Task directions:
When you give the entries again, keep every word as it stands and drop the pictures.

Dataset records:

※ ※ ※

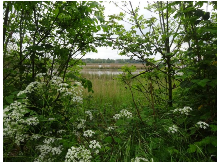
Doorkijkje op de rietvelden langs de rivier
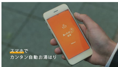
スマホで カンタン自動お湯はり
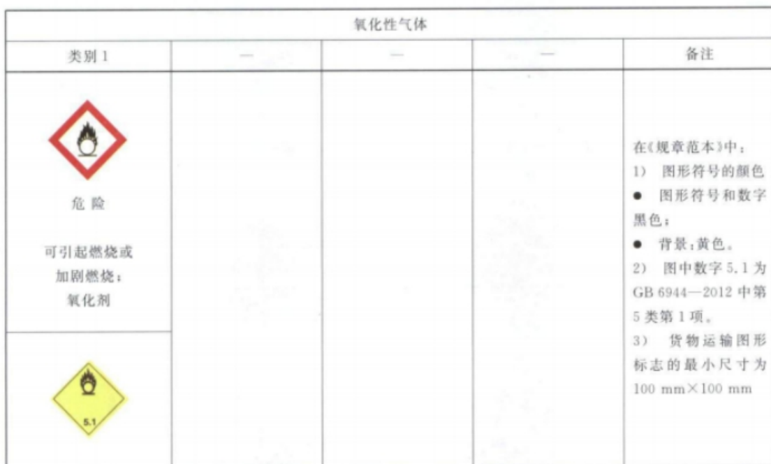
表 B.1 氧化性气体标签要素的分配
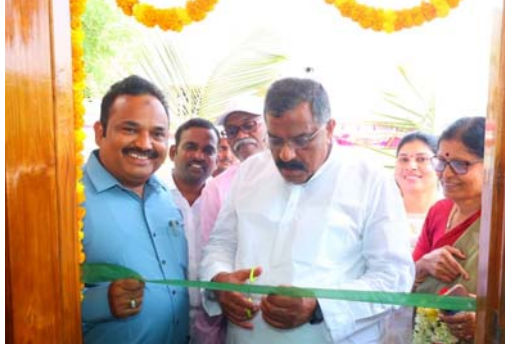
భావిస్తూ గృహనిర్మాణ రంగంలో ప్రభుత్వం విస్తృత స్థాయిలో కార్యక్రమాలు చేపట్టిందని తెలిపారు. ఇప్పటికే మొదటి విడతగా 2025 నవంబర్ 12న రాష్ట్రవ్యాప్తంగా మొత్తం 3,00,192 గృహాలను అభిదారులకు అందజేసిన ప్రభుత్వం, రెండో విడతలో భాగంగా మరో
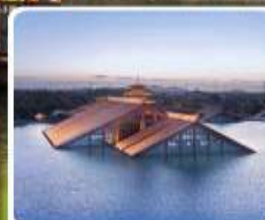
พิพิธภัณฑ์ไดน้ำกวงฟูหลิน
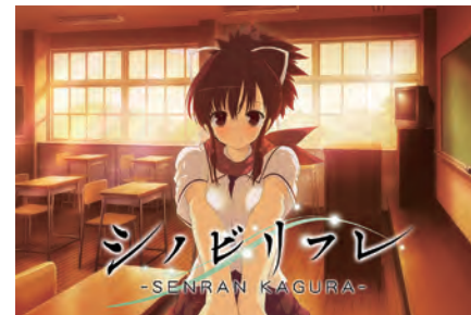
閃乱カグラシリーズ シノビリフレ -SEN-RAN KAGURA- ©2017 Marvelous Inc./HONEY PARADE GAMES Inc.
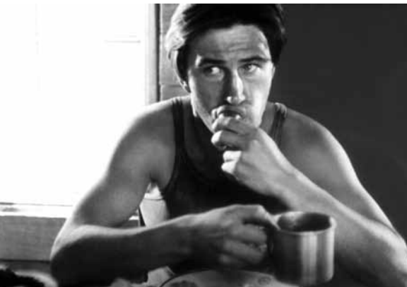
L'Homme de marbre
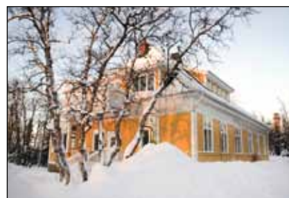
Ingenjörsbostaden, B39, som ligger mellan Stadshuset och Hjalmar Lundbohmgården ska flyttas.
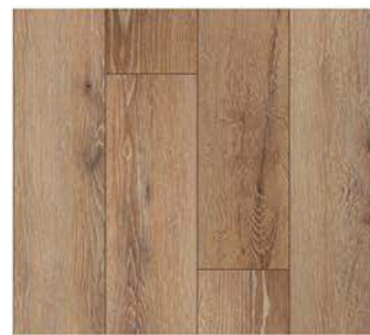
1603. Balkan meşe
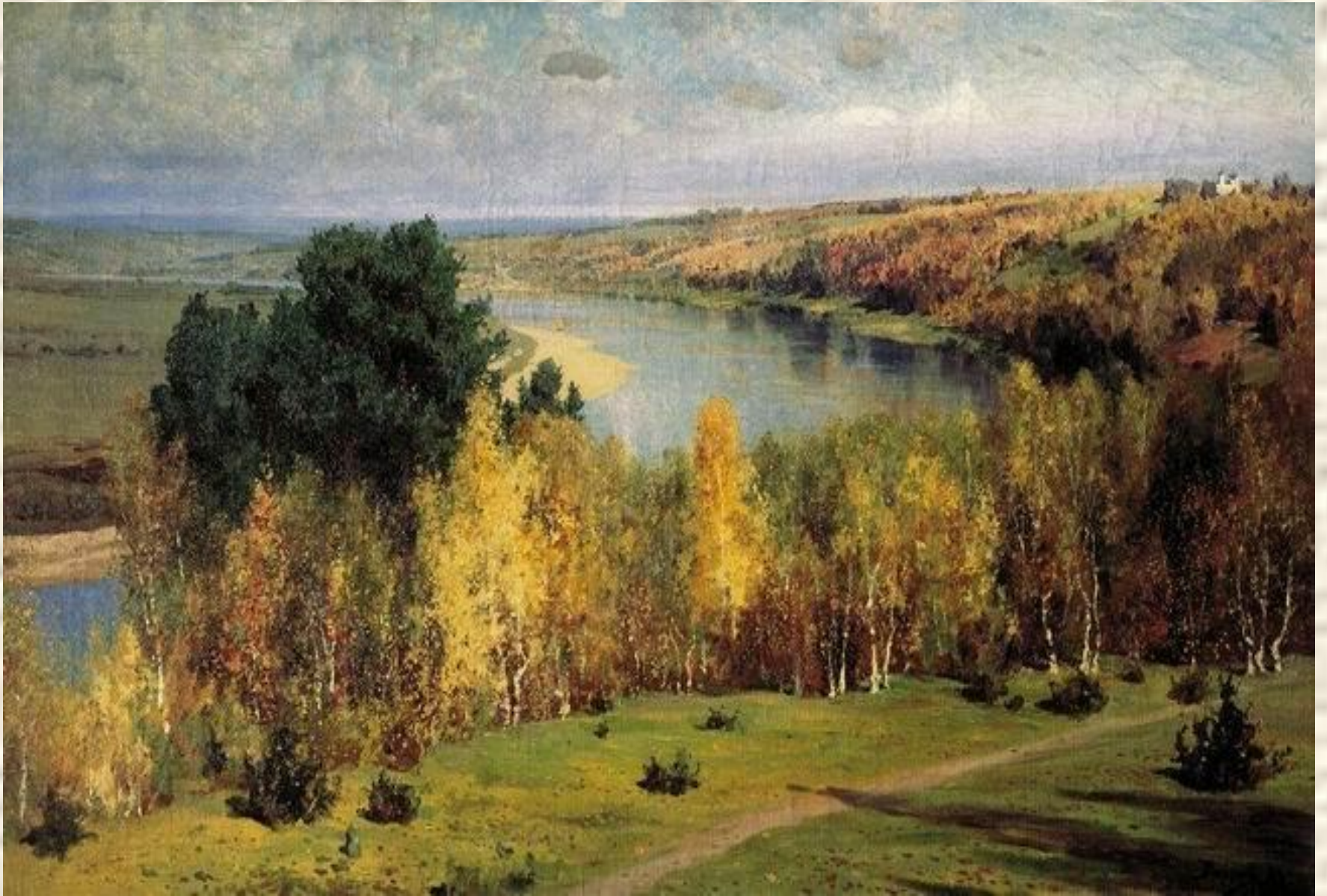
«ЗОЛОТАЯ ОСЕНЬ» В. ПОЛЕНОВ
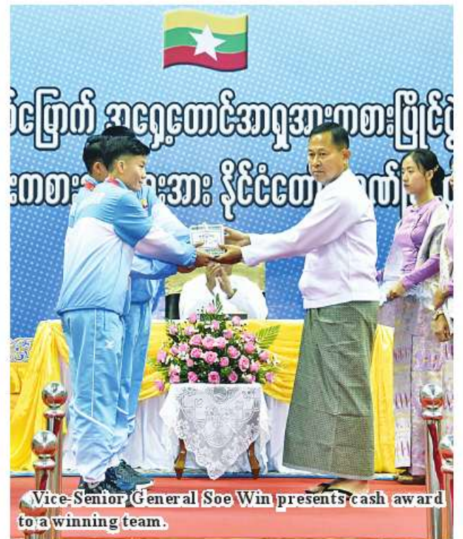
Vice-Senior General Soe Win presents cash award to a winning team.

tional Boat Race and weightlifting events among 19 competing events in the 32nd SEA Games held in Cambodia. Except volleyball and tennis events among 11 sports events, Myanmar athletes secured 25 silvers and 68 bronze medals. Silver medallists could reach the final matches with their brilliant efforts despite winning the gold medals. Myanmar women's football team could sail to the final match whereas Myanmar men's team could advance to the semifinal match. As the government recognized their efforts, officials often encouraged them. Now, deserved cash awards were presented to them. In this regard, the government pre-
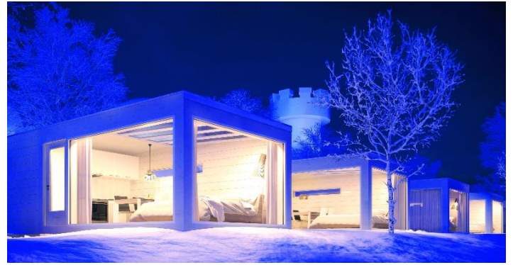
↔: Seaside Villa 玻璃屋或同級 (玻璃屋類型繁多，圖片只供參考)
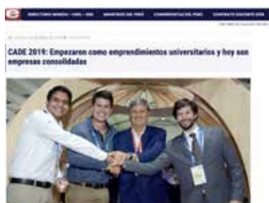
» Portal Noticia Educación en Red
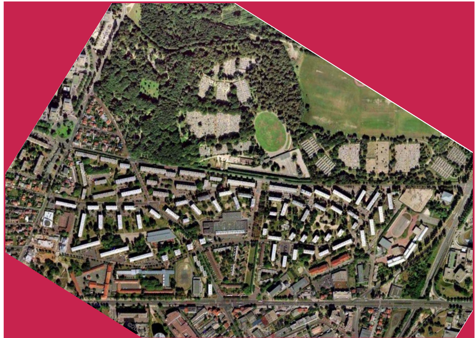
La cité de la Plaine et le cimetière intercommunal aujourd'hui.

Les constructions qui suivent immédiatement ces premières réalisations, bien que concernant des immeubles collectifs, confirment ce goût pour l'espace communautaire de voisinage et un certain rejet de la rue vers laquelle s'orientent plus volontiers les espaces de services tels que les locaux de stockage des ordures ménagères plutôt que les halls d'entrées des immeubles. Avec les bâtiments A1 à A9 et C, apparaissent les premiers logements collectifs et l'amorce d'une véritable cité s'organisant autour d'un espace central, bientôt occupé par les
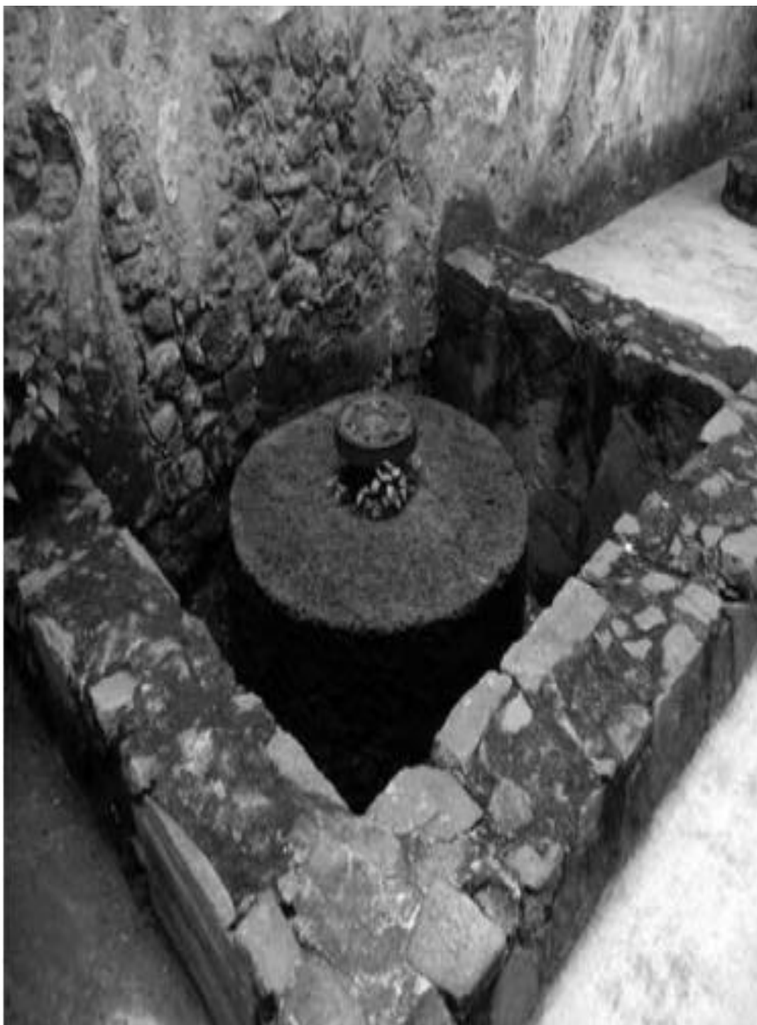
Figura. 4.3 Base fija del Molino de Trigo (PNMF)
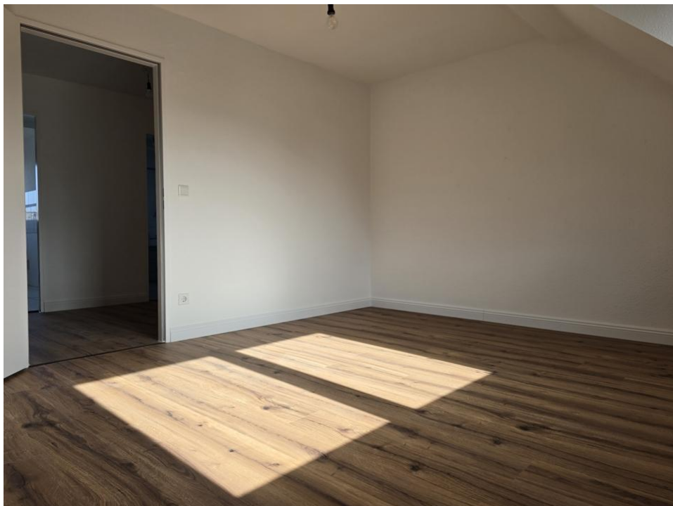
spielen oder arbeiten
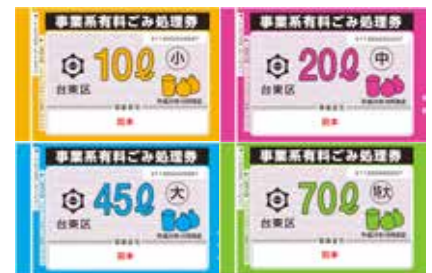
타이토구 사업계 유료 쓰레기 처리권

회사 및 가게에서 쓰레기를 배출할 때에는 비용이 듭니다. 폐기물 처리 업체 및 자원 회수 업체에 연락해 주십시오. 양이 많지 않을 때는 ‘타이토구 사업계 유료 쓰레기 처리권’ 을 부착하여 가정에서 배출되는 쓰레기와 같은 날에 배출해 주십시오. (45 ℓ 로 3 봉투가 대략적인 기준입니다.)
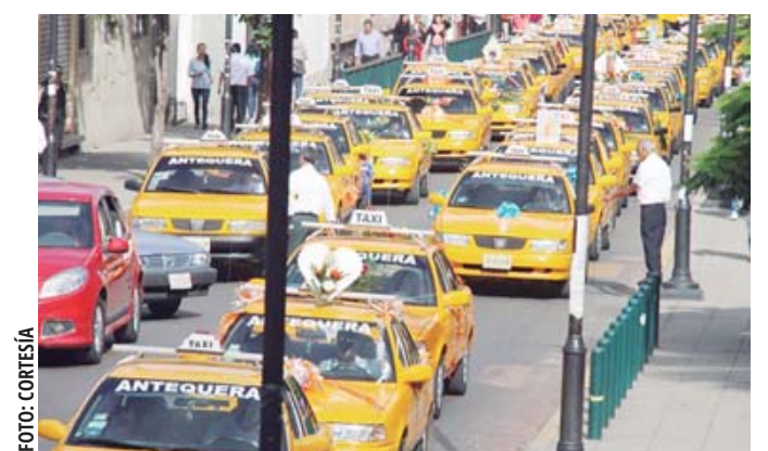
Busca Gobierno de Oaxaca poner orden en el servicio de transporte público.

Entre los municipios beneficiados se encuentran San Pablo Villa de Mitla, San Lorenzo Albarradas, San Pedro y San Pablo Ayutla, Santo Domingo Tepuxtepec, San Pedro Quiatoni, San Juan Juquila Mixes, Nejapa de Madero, Santiago Lachiguiri, Santa María Jalapa del Marqués y Santa María Mixtequilla.
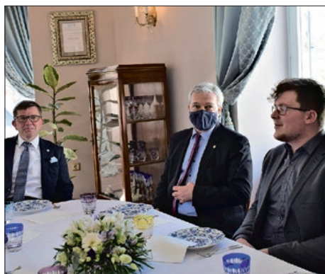
Hrvatski razgovori u Velikoj Kaniži
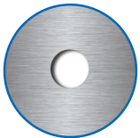
Zylinderausschnitt ausen, innen RZ

Die Produkte können von den dargestellten Bildern abweichen
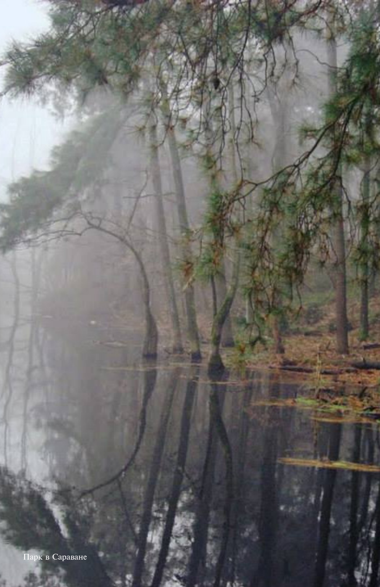
Парк в Сараване
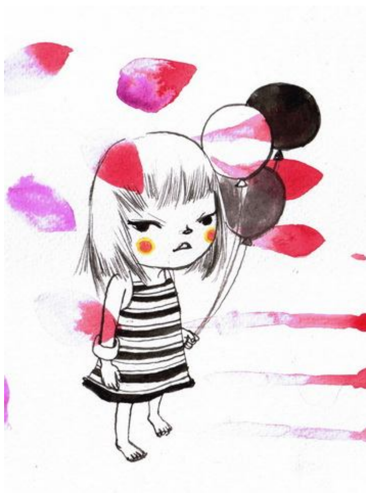
รูปภาพประกอบโดย เชมเบ้

“ต้นข้าว สวัสดีปุ่น้อยสิ!” หา...นี่ผมเป็นปู่ไปแล้วหรือ?
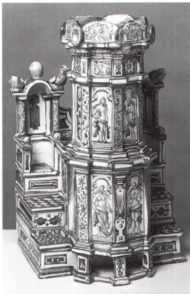
Fig. 13 Modèle d'un poêle, Winterthour 1642. Fayence peinte. Zurich, Musée national suisse, HA 3049.

francs est en effet jugé fort modeste, comme en témoigne le préavis de la Commission du Musée national suisse adressé au Conseil fédéral en 1903: «M. le directeur Heinrich Angst étant universellement connu des amis des arts, comme l'un des plus fins connaisseurs et des meilleurs collectionneurs d'antiquités, il est hors de doute qu'une vente publique de
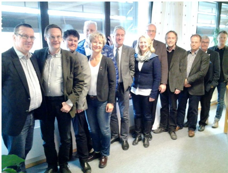
Ett samlat Ägarråd den 31 mars på Scandic i Skellefteå.

Under respektive processområde återges inom markerad ruta den huvudinriktning som slagits fast i verksamhetsdirektivet för 2014 samt den inriktning och målsättningar som i sin tur ställts upp i verksamhetsplanen för 2014. Redovisningen utgår ifrån de uppställda målen/huvudpunkterna under respektive rubrik i verksamhetsplanen och det är utifrån det genomförandet i form av aktiviteter och en redovisning av uppnådda mål relateras.
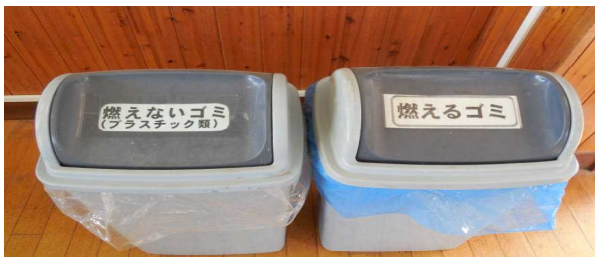
ゴミ箱に分別シールを貼付
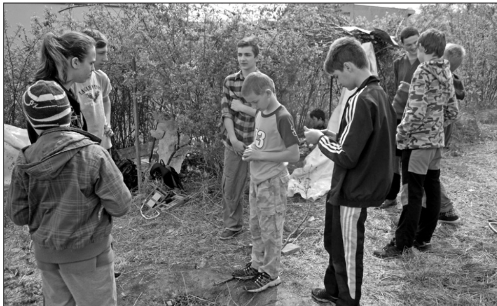
Klepáči z Kopců u bunkru před poledním klepáním na Bílou sobotu. Radějov 19. 4. 2014.

Podoba a provedení bunkrů jednotlivých skupin se přizpůsobovala terénu a aktuál-

※ ※ ※

Solution for this problem:
Doorkijkje op de rietvelden langs de rivier
スマホで カンタン自動お湯はり
表 B.1 氧化性气体标签要素的分配
భావిస్తూ గృహనిర్మాణ రంగంలో ప్రభుత్వం విస్తృత స్థాయిలో కార్యక్రమాలు చేపట్టిందని తెలిపారు. ఇప్పటికే మొదటి విడతగా 2025 నవంబర్ 12న రాష్ట్రవ్యాప్తంగా మొత్తం 3,00,192 గృహాలను అభిదారులకు అందజేసిన ప్రభుత్వం, రెండో విడతలో భాగంగా మరో
พิพิธภัณฑ์ไดน้ำกวงฟูหลิน
閃乱カグラシリーズ シノビリフレ -SEN-RAN KAGURA- ©2017 Marvelous Inc./HONEY PARADE GAMES Inc.
L'Homme de marbre
Ingenjörsbostaden, B39, som ligger mellan Stadshuset och Hjalmar Lundbohmgården ska flyttas.
1603. Balkan meşe
«ЗОЛОТАЯ ОСЕНЬ» В. ПОЛЕНОВ
Vice-Senior General Soe Win presents cash award to a winning team.

tional Boat Race and weightlifting events among 19 competing events in the 32nd SEA Games held in Cambodia. Except volleyball and tennis events among 11 sports events, Myanmar athletes secured 25 silvers and 68 bronze medals. Silver medallists could reach the final matches with their brilliant efforts despite winning the gold medals. Myanmar women's football team could sail to the final match whereas Myanmar men's team could advance to the semifinal match. As the government recognized their efforts, officials often encouraged them. Now, deserved cash awards were presented to them. In this regard, the government pre-
↔: Seaside Villa 玻璃屋或同級 (玻璃屋類型繁多，圖片只供參考)
» Portal Noticia Educación en Red
La cité de la Plaine et le cimetière intercommunal aujourd'hui.

Les constructions qui suivent immédiatement ces premières réalisations, bien que concernant des immeubles collectifs, confirment ce goût pour l'espace communautaire de voisinage et un certain rejet de la rue vers laquelle s'orientent plus volontiers les espaces de services tels que les locaux de stockage des ordures ménagères plutôt que les halls d'entrées des immeubles. Avec les bâtiments A1 à A9 et C, apparaissent les premiers logements collectifs et l'amorce d'une véritable cité s'organisant autour d'un espace central, bientôt occupé par les
Figura. 4.3 Base fija del Molino de Trigo (PNMF)
spielen oder arbeiten
타이토구 사업계 유료 쓰레기 처리권

회사 및 가게에서 쓰레기를 배출할 때에는 비용이 듭니다. 폐기물 처리 업체 및 자원 회수 업체에 연락해 주십시오. 양이 많지 않을 때는 ‘타이토구 사업계 유료 쓰레기 처리권’ 을 부착하여 가정에서 배출되는 쓰레기와 같은 날에 배출해 주십시오. (45 ℓ 로 3 봉투가 대략적인 기준입니다.)
Busca Gobierno de Oaxaca poner orden en el servicio de transporte público.

Entre los municipios beneficiados se encuentran San Pablo Villa de Mitla, San Lorenzo Albarradas, San Pedro y San Pablo Ayutla, Santo Domingo Tepuxtepec, San Pedro Quiatoni, San Juan Juquila Mixes, Nejapa de Madero, Santiago Lachiguiri, Santa María Jalapa del Marqués y Santa María Mixtequilla.
Hrvatski razgovori u Velikoj Kaniži
Zylinderausschnitt ausen, innen RZ

Die Produkte können von den dargestellten Bildern abweichen
Парк в Сараване
รูปภาพประกอบโดย เชมเบ้

“ต้นข้าว สวัสดีปุ่น้อยสิ!” หา...นี่ผมเป็นปู่ไปแล้วหรือ?
Fig. 13 Modèle d'un poêle, Winterthour 1642. Fayence peinte. Zurich, Musée national suisse, HA 3049.

francs est en effet jugé fort modeste, comme en témoigne le préavis de la Commission du Musée national suisse adressé au Conseil fédéral en 1903: «M. le directeur Heinrich Angst étant universellement connu des amis des arts, comme l'un des plus fins connaisseurs et des meilleurs collectionneurs d'antiquités, il est hors de doute qu'une vente publique de
Ett samlat Ägarråd den 31 mars på Scandic i Skellefteå.

Under respektive processområde återges inom markerad ruta den huvudinriktning som slagits fast i verksamhetsdirektivet för 2014 samt den inriktning och målsättningar som i sin tur ställts upp i verksamhetsplanen för 2014. Redovisningen utgår ifrån de uppställda målen/huvudpunkterna under respektive rubrik i verksamhetsplanen och det är utifrån det genomförandet i form av aktiviteter och en redovisning av uppnådda mål relateras.
ゴミ箱に分別シールを貼付
Klepáči z Kopců u bunkru před poledním klepáním na Bílou sobotu. Radějov 19. 4. 2014.

Podoba a provedení bunkrů jednotlivých skupin se přizpůsobovala terénu a aktuál-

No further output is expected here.